Partition API in Modin

When you are working with a Modin Dataframe, you can unwrap its remote partitions to get the raw futures objects compatible with the execution engine (e.g. ray.ObjectRef for Ray). In addition to unwrapping of the remote partitions we also provide an API to construct a modin.pandas.DataFrame from raw futures objects.

Partition IPs

For finer grained placement control, Modin also provides an API to get the IP addresses of the nodes that hold each partition. You can pass the partitions having needed IPs to your function. It can help with minimazing of data movement between nodes.

unwrap_partitions

modin.distributed.dataframe.pandas.unwrap_partitions(api_layer_object, axis=None, get_ip=False)
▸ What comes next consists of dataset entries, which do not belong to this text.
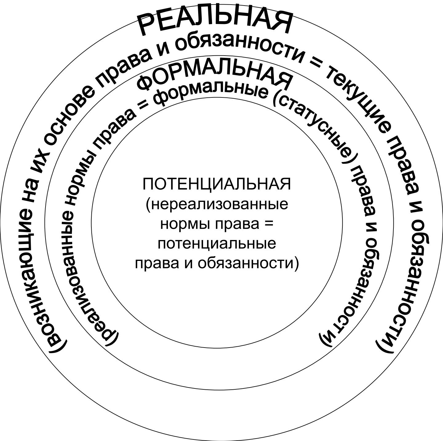
Рис.4. Классификация хозяйственной правосубъектности по соотношению нормативного регулирования и правореализации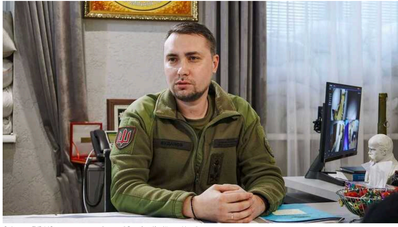
Очільник ГУР МО висловився про "втому" Заходу від війни в Україні

Очільник Головного управління розвідки Кирило Буданов наголосив, що в Україні триває війна, тому говорити про втрату "інтересу" Заходу недоцільно.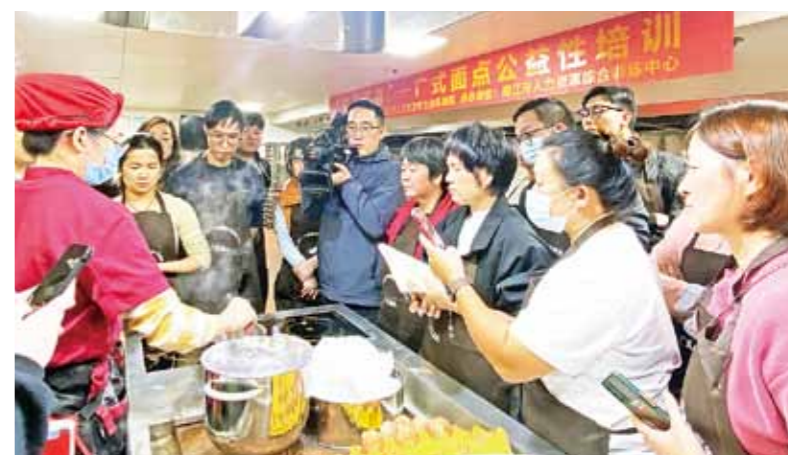
我市人社部门组织开展广式面点公益性培训。

2023至2025年，是广东省“百县千镇万村高质量发展工程”三年初见成效的关键时期。市人力资源和社会保障局锚定“城乡协调、民生改善、产业赋能”核心目标，将人社职能深度融入“百千万工程”战略布局，以就业扩容、技能提质、人才集聚、社保兜底为四大支点，真抓实干、创新突破，用三年时间交出了一份“民生有温度、发展有力度”的亮眼答卷。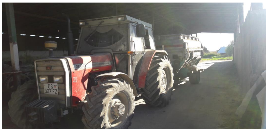
Slika 19. Mikserica (mikser prikolica) i traktor

proizvođača, zapremine 8 m 3 . Mikser prikolica ima vodoravne puževe koji su se pokazali boljima u slučaju kada nam je zaista potrebno kvalitetno izmješavanje hrane, bez velike potrebe za usitnjavanjem bala u njoj. Mikser prikolicu pogoni kardansko vratilo traktora. Na prikolici je Masey Ferguson snage 63,38 kW, koji preko kardana vrti pužnice u mikser prikolici i tako miješa obrok za junad.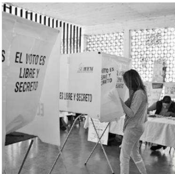
La elección del próximo 2 de junio, abarcará mil 300 cargos entre diputaciones locales y ayuntamientos.

Los postulantes deben presentar documentación requerida ante el IEEM, incluyendo para pueblos y comunidades indígenas la carta de autoadscripción indígena y la constancia de adscripción indígena, y para personas con discapacidad, un certificado médico expedido por una institución de salud pública. Para la población LGBTQ+, se deben presentar declaraciones de pertenencia a la comunidad y documentos que respalden dicha identidad.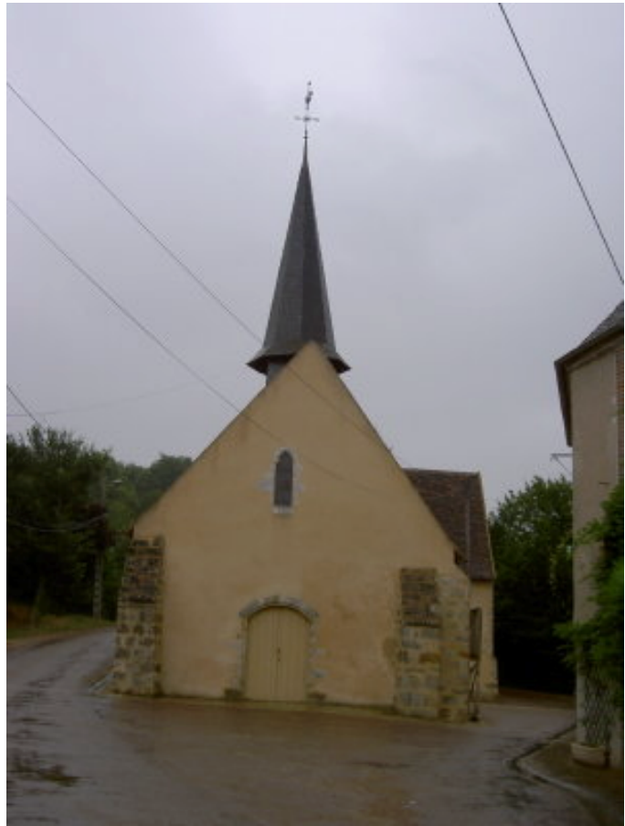
Photo : Église de Louesmes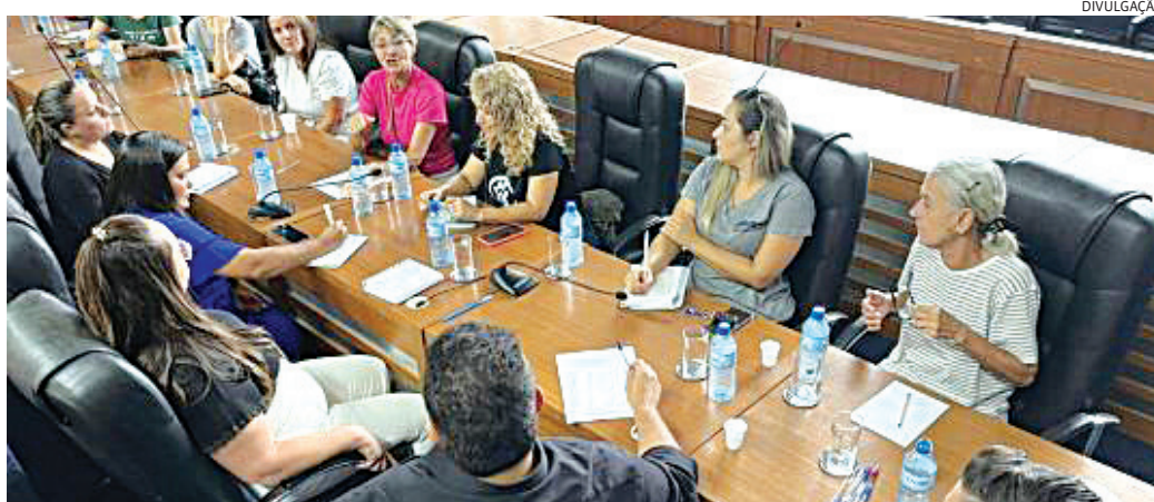
Os parlamentares se comprometeram a buscar recursos e avaliar adequações na legislação municipal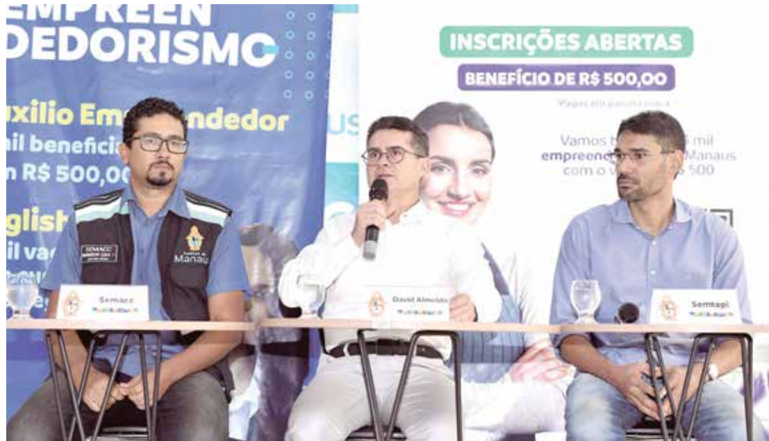
O auxílio é destinado a empreendedores, permissionários e informais maiores de 18 anos em Manaus

"Os empreendedores foram uma das categorias mais prejudicadas com a pandemia. No ano passado, a gente fez o Auxílio Empreendedor. Neste ano, renovamos de R$ 300 para R$ 500, como fizemos também com o Auxílio Aluguel. Estamos também melhorando as estruturas das nossas galerias para que os empreendedores possam ser treinados. Nós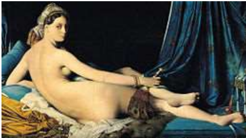
https://fr.wikipedia.org/wiki/Fichier:800px-Jean Auguste Dominique Ingres, La Grande Odalisque, 1814.jpg

Martial Raysse s'inspire de La Grande Odalisque , œuvre de J.-A. D. Ingres (1780-1867), peintre français néo-classique du XIXe siècle.

Unwrap partitions of the api_layer_object.

Parameters:
  • api_layer_object (DataFrame or Series) – The API layer object.
  • axis (None, 0 or 1. Default is None) – The axis to unwrap partitions for (0 - row partitions, 1 - column partitions). If axis is None, the partitions are unwrapped as they are currently stored.
  • get_ip (boolean. Default is False) – Whether to get node ip address to each partition or not.
Returns:

A list of Ray.ObjectRef/Dask.Future to partitions of the api_layer_object if Ray/Dask is used as an engine.

Return type:

list

Notes

If get_ip=True, a list of tuples of Ray.ObjectRef/Dask.Future to node ip addresses and partitions of the api_layer_object, respectively, is returned if Ray/Dask is used as an engine (i.e. [(Ray.ObjectRef/Dask.Future, Ray.ObjectRef/Dask.Future), ...]).

from_partitions

modin.distributed.dataframe.pandas.from_partitions(partitions, axis)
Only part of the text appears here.